Боясь уклониться от сути этой статьи, я умолчу о том, чем кончилось это давление и на что оно меня вызвало, по мере истощения моего долготерпения и вопиющей несправедливости директора; скажу только, что вместо подготовляемой им мне серой куртки я, как сказал выше, вышел прапорщиком, что и было немалою причиною того, что я избрал себе службу на Нерчинских заводах, где тогда мест свободных было много, и я думал, что «на безрыбье и рак рыба». К тому же вследствие угнетения своего внутреннего «я» меня тянула в Восточную Сибирь какая-то неведомая сила, необъяснимая таинственность! И теперь благодарю бога, что случилось в моей судьбе так, а не иначе.
Надев эполеты, я уехал в отпуск к своим родителям, не видавшись с ними восемь с половиною лет! Отец мой в то время служил уже в Пермской губернии в Дедюхинском соляном заводе, куда и уехал на службу в тот самый год, когда я поступил в корпус.
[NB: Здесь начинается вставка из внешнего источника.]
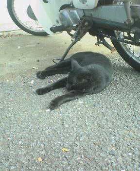 相変わらず配達用バイクの下がお気に入り。
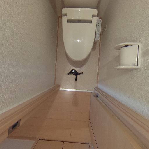 温水洗浄便座が設置済み(確度90%):操作リモコン付きの温水洗浄便座が確認できる。

В сентябре 1855 года кончился срок моего отпуска и я, прогостив у своих два месяца, должен был снова проститься надолго и ехать в Восточную Сибирь…
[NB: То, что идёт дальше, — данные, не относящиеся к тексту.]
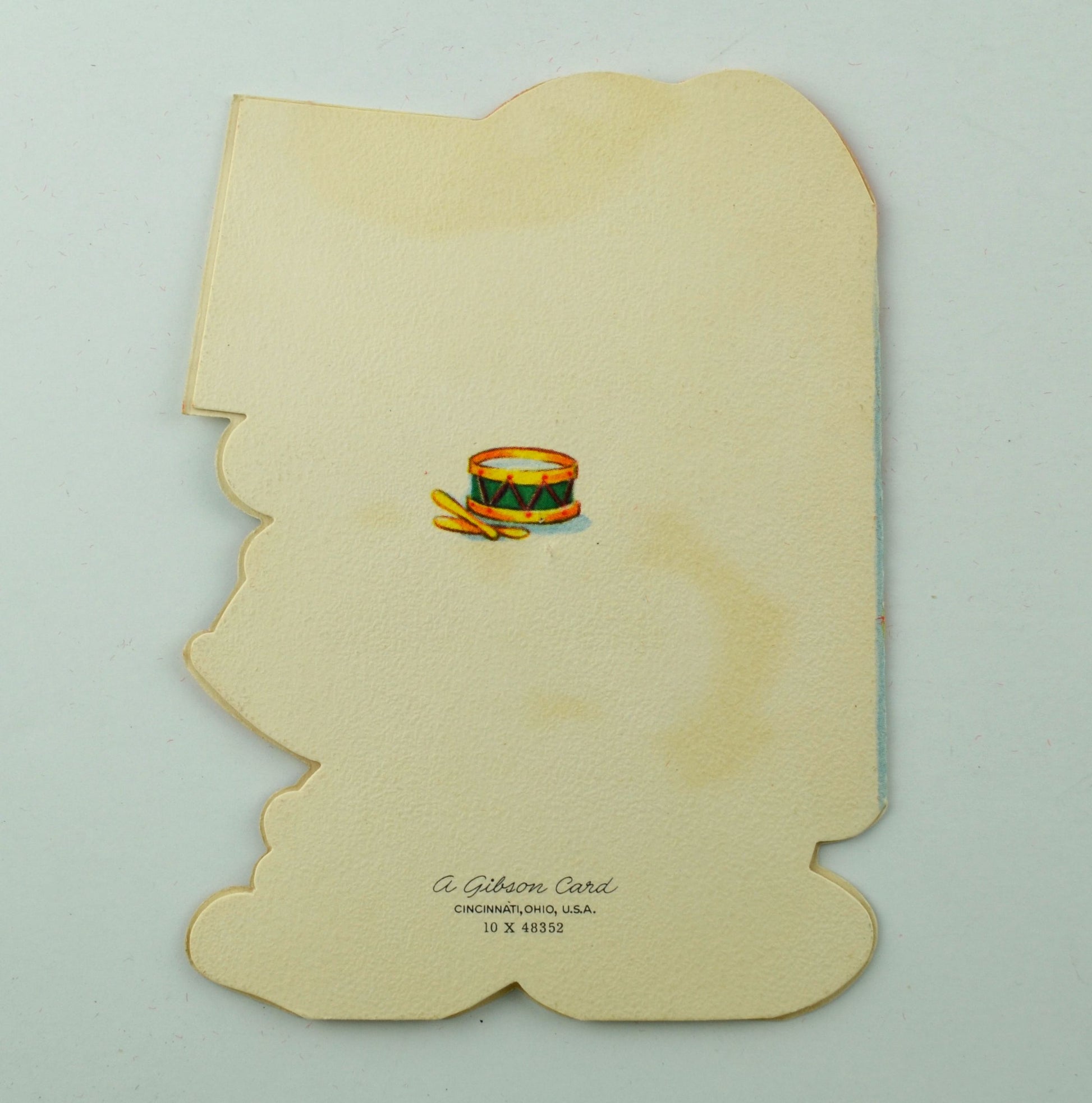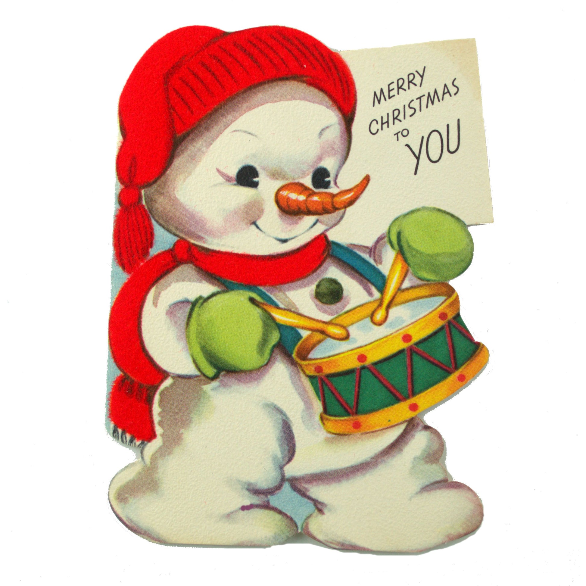 Vintage 1950s Flocked Christmas Greeting Card. Features a snowman boy playing a drum.

При последнем «прости» родители благословили меня.
…Останавливаясь на этом, ворочусь к прерванному рассказу и поведу речь о том, что, приехав домой из тайги и отправив Алексея и Ибрагима в партию, я, прожив несколько дней в кругу своей семьи, видел однажды сон, что будто бы нашел в тайге новый, в серебряной ризе, образок божьей матери. Проснувшись, я сказал об этом видении жене, но оба мы не придали никакого значения сну и забыли о нем.
Но вот чрез несколько дней я снова вижу крайне замечательный сон, который и до настоящего дня остался в моей памяти, до мельчайших подробностей видения…
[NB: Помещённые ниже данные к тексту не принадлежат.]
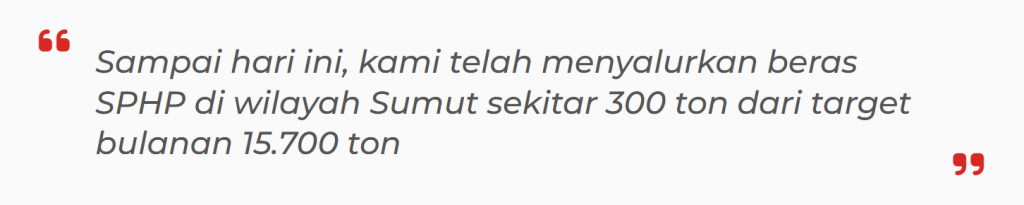 Ia menyatakan secara keseluruhan Bulog Sumut akan mendistribusikan beras SPHP sebanyak 77.500 ton total keseluruhan di kabupaten dan kota di Sumut per tahun.
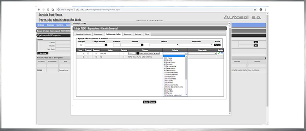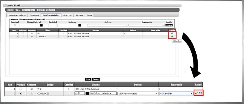 Ahora tenemos que codificar la falla, en este caso tenemos un repuesto, siempre se codifica sobre un repuesto si lo usamos como en la imagen pulsando el lápiz de la derecha, editamos el renglón y esperamos a que se confirme con el tilde verde:

В ужасе и смятении я проснулся, но, не шевеля ни одним мускулом, не понимал себя и не знал – жив я или нет. Не мог сообразить, где я и что со мною! Что это, сон или действительность? Где я нахожусь? Так как в крошечной нашей спальне горевшая лампадка потухла и при запертых ставнях с улицы была непроницаемая темнота. Долго я не мог понять, где я спал, дома ли, в таежном ли зимовье, или в лесу, под открытым небом. Так велико было мое смущение и невольное непонимание окружающей обстановки, вероятно вследствие того, что очень часто приходилось менять ночлеги. Наконец совсем освоившись, я убедился, что нахожусь дома, в спальне, и подле меня не Алексей, а еще молодая жена моя. Слыша, что она спит, я не стал ее будить, хотя ужасно хотелось поделиться с ней своим замечательным сновидением. Долго я не спал, не знал, который час ночи, и думал только об одном: как бы не забыть, не «заспать», как говорят, такого чудного сна. В силу этой боязни я долго обдумывал все виденное и, чтоб не забыть его, завязал на сорочке узел, и, как бы успокоившись этой предосторожностью, я незаметно снова уснул и проснулся уже тогда, когда взошло солнце и в щели ставней несколько осветило нашу спаленку.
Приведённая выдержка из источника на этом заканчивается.